A5C1D2H2I1M1N2O1R2T1
A5C1D2H2I1M1N2O1R2T1

Reputation: 193667

If I understand correctly, you might be able to use interaction in some way as a first-cut in deciding whether your data are complete.

Looking at your examples, it seems like there should always be one unique combination (not 2, not 0) of all the unique levels within each vector. So, for the first set you show:

> all(table(interaction(a, b, c)) == 1)
[1] TRUE

And, for the other two examples, if you did the same, you would get FALSE as the result.

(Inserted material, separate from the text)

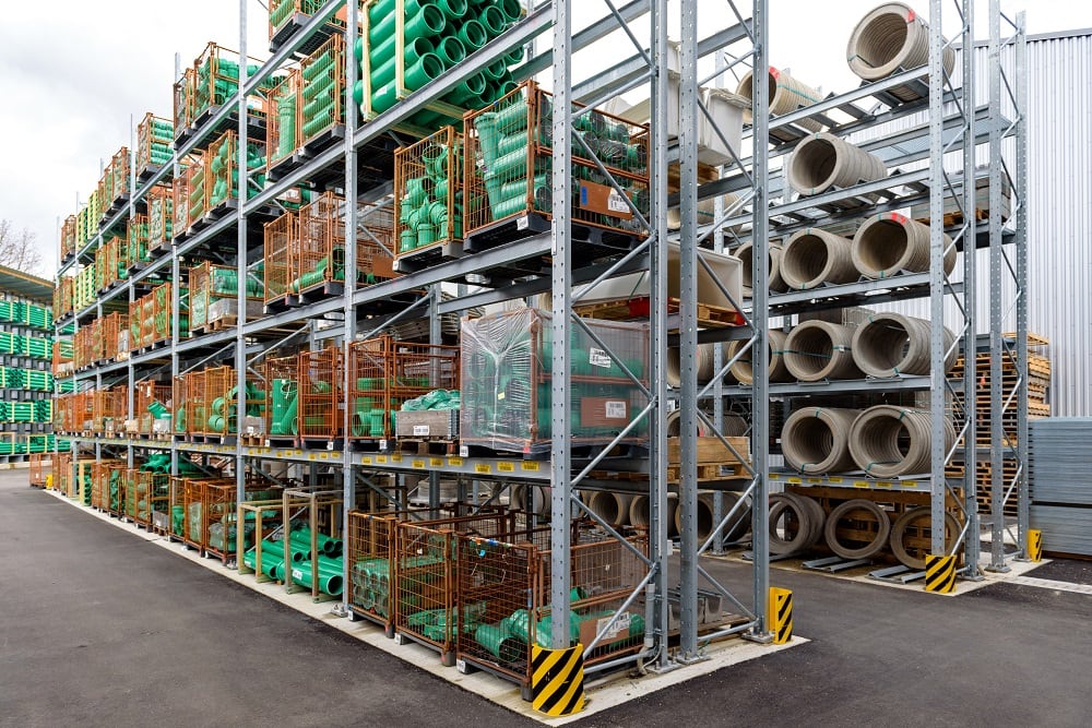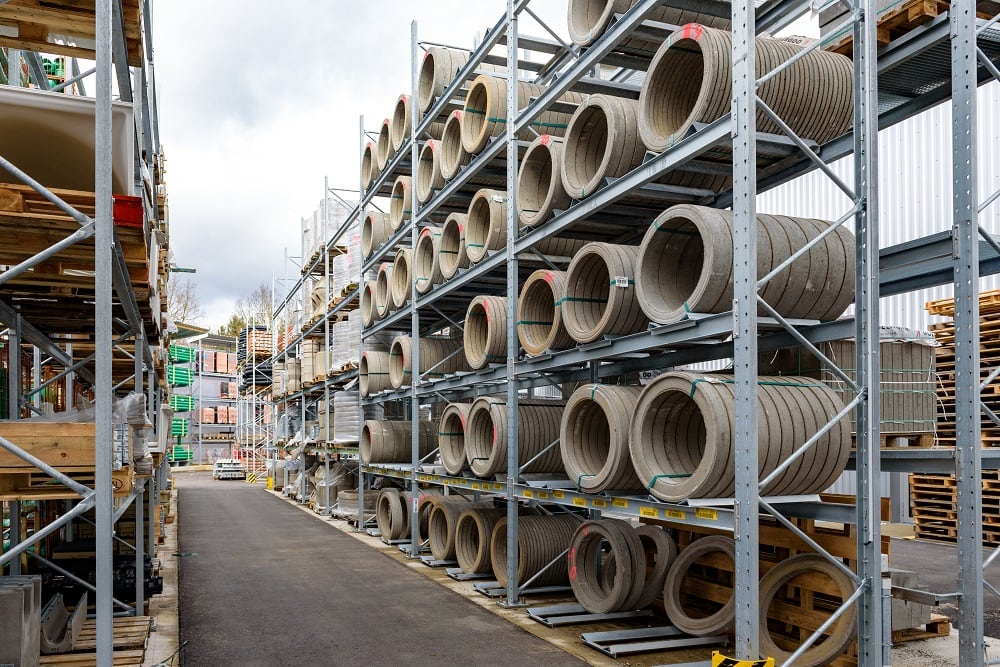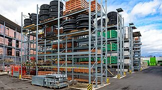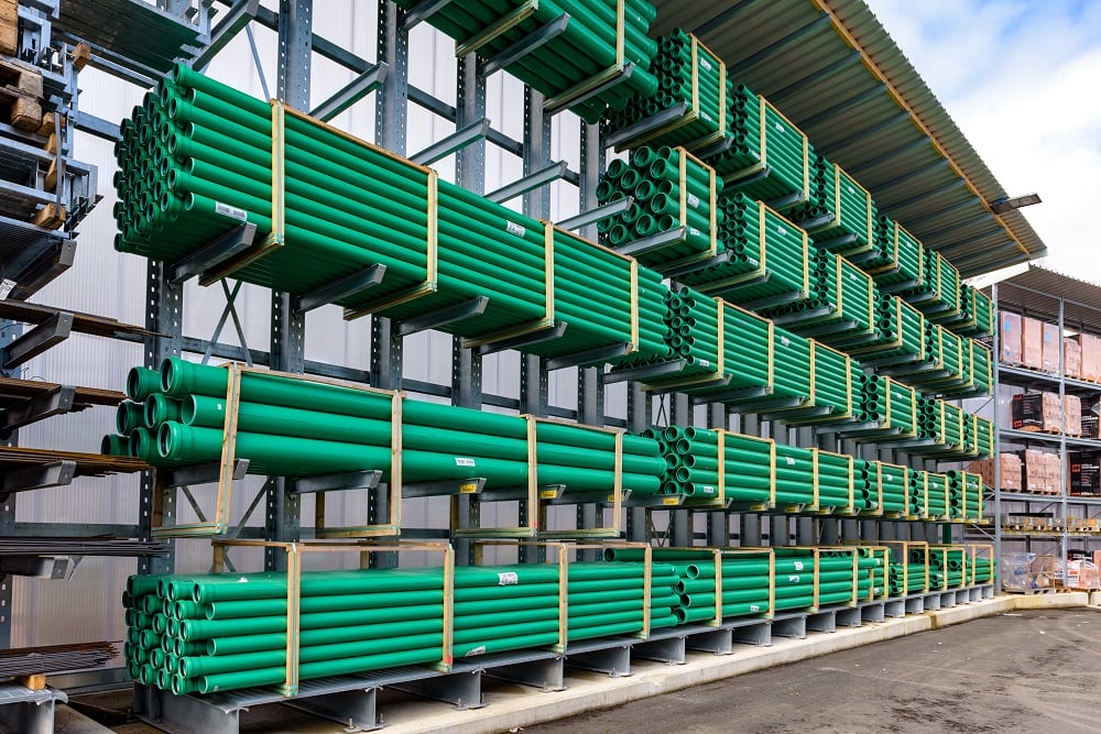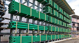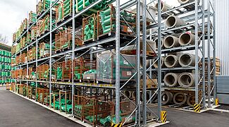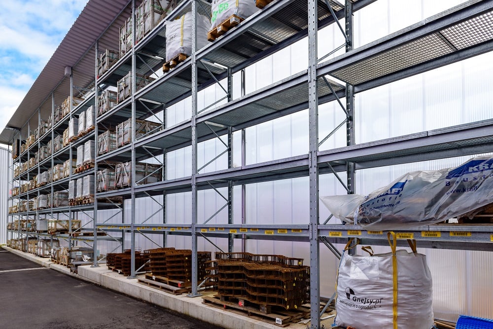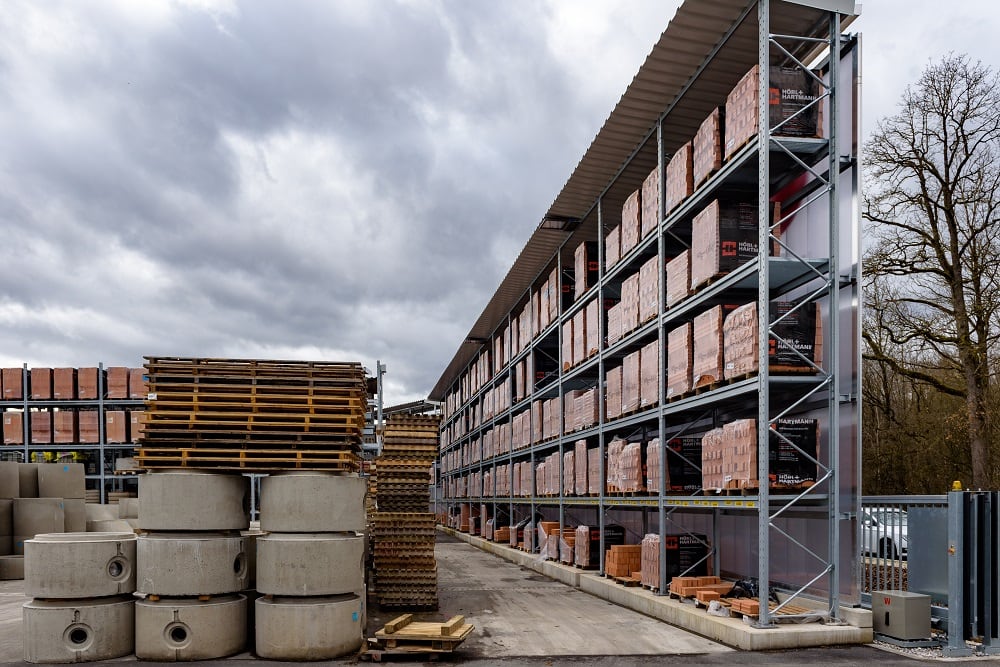 Ezen sokféle különböző anyag tárolásához a Kraft ismét OHRA raklapos és karos állványokkal szerelte fel új külső raktárát. Minőségüknek köszönhetően ezek az állványok már az építőanyag-kereskedők egyéb telephelyein is bizonyítottak. Az OHRA ugyanis kizárólag perforálatlan acélprofilokat használ állványainak tehertartó elemeihez. Ebből adódik az állványok teherbírása és keskeny felépítése, ami kompakt tárolást tesz lehetővé kis alapterületen. A raklapos állványok polcteherbírása akár 4 500 kg, a karos állványok állványai akár 5 000 kg-ig terhelhetők, ez karonként max. 1 000 kg terhet jelent.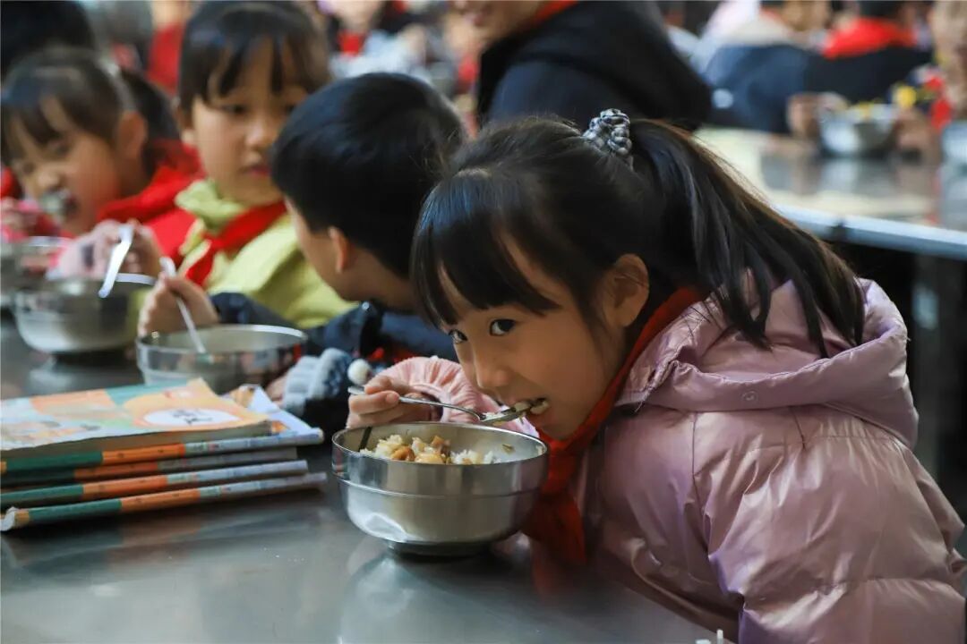 環境變美了,管理規范了,菜品也迎來了大升級。曾經的兩菜一湯變成了四菜一湯,葷素搭配合理。譚茗予最愛那道紅燒肉。鮮嫩多汁的肉塊裹著醇厚的醬汁,輕輕一咬,肉質入口即化,煩惱仿佛也隨之消散。還有那清炒時蔬,綠油油的色澤讓人食欲大增,咬上一口,仿佛能嘗到陽光和雨露的味道。“現在每頓飯都像在享受美食盛宴!”鳳鳴小學的張禹菡興奮地說。

Another option would be to assume that we can treat variable a as a grouping variable, and put all the vectors into a data.frame like this:

df1 <- data.frame(a = c(1,1,1,1,2,2,2,2,3,3,3,3),
                  b = c(1,2,1,2,1,2,1,2,1,2,1,2),
                  c = c(1,1,2,2,1,1,2,2,1,1,2,2))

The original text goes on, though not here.